It's Hibernation Time: Steps to Winterize Your Pool
Put the kids' floaties in the shed, remove the ladders from the side walls and store your springboard, it's hibernation time for your pool. Even if you've decided to heat your pool for the Fall and winter, take these steps before the first signs of the inevitable freeze. It takes more preparation than simply covering the pool. While it could be a harsh winter, your pool can be completely protected — it is very important.
Here's do-it-yourself tips to putting your pool to bed for the winter:
Sleet, snow, wind, hail, rain, freeze — these are all signs of winter, and your pool accessories should not be sitting out there exposed. It would be a shame to leave your expensive accessories outside to be tortured by the winter elements. When closing down, extract these accessories and send them off to a dry place, like a protected shed or garage.

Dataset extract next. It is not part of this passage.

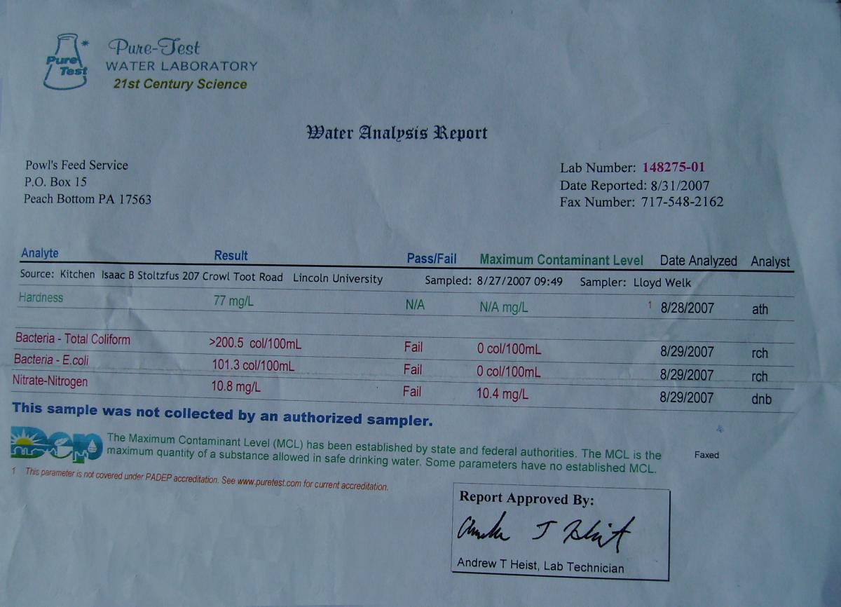 Isaac Stoltzfus in Pennsylvania needed to get his bakery USAD certified, he had a test done prior to installing the Vortex Water Revitalizer, which he failed. After installing the Vortex Water Revitalizer he passed and was able to get certified. The results from the bacteria lab tests that were done before and after the installation of the Vortex Water Revitalizer are displayed below.
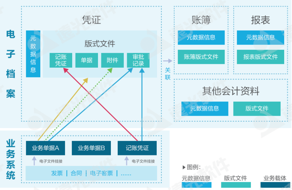 新《會計檔案管理辦法》提出:反映單位職能活動、具有查考和保存價值的電子文件及其元數(shù)據(jù)均應收集、歸檔。遠光智慧檔案涵蓋了全域會計資料,實現(xiàn)檔案“應采盡采,全面電子化” ,在歸檔過程中同步建立了檔案數(shù)據(jù)間的有機聯(lián)系,通過對多源異構(gòu)數(shù)據(jù)的自動匯聚歸檔,使得歸檔后保持檔案的全貌與原貌。

Do everything from loosening the anchor wedge of the ladder to separating the springboard from its stand and storing the bolts in a safe place — putting it back on properly will be hard without the bolts. If the accessories remain, your pool cover may not fit properly and winterization would be all for naught.
Don't close your pool too soon. If the water is too hot, algae will quietly grow all winter. When removing your pool cover in the spring, you will have a serious problem. Never fear, wait until your pool gets below 55 degrees to avoid trapping heat and growing greenery, explains Pool Life magazine online.
Keeping the water chemistry where it should be is also important. Get a quality kit from the pool store and follow the directions. Consider a Winter Ball to release enzymes into the pool water and look forward to a clear, not green, spring pool opening.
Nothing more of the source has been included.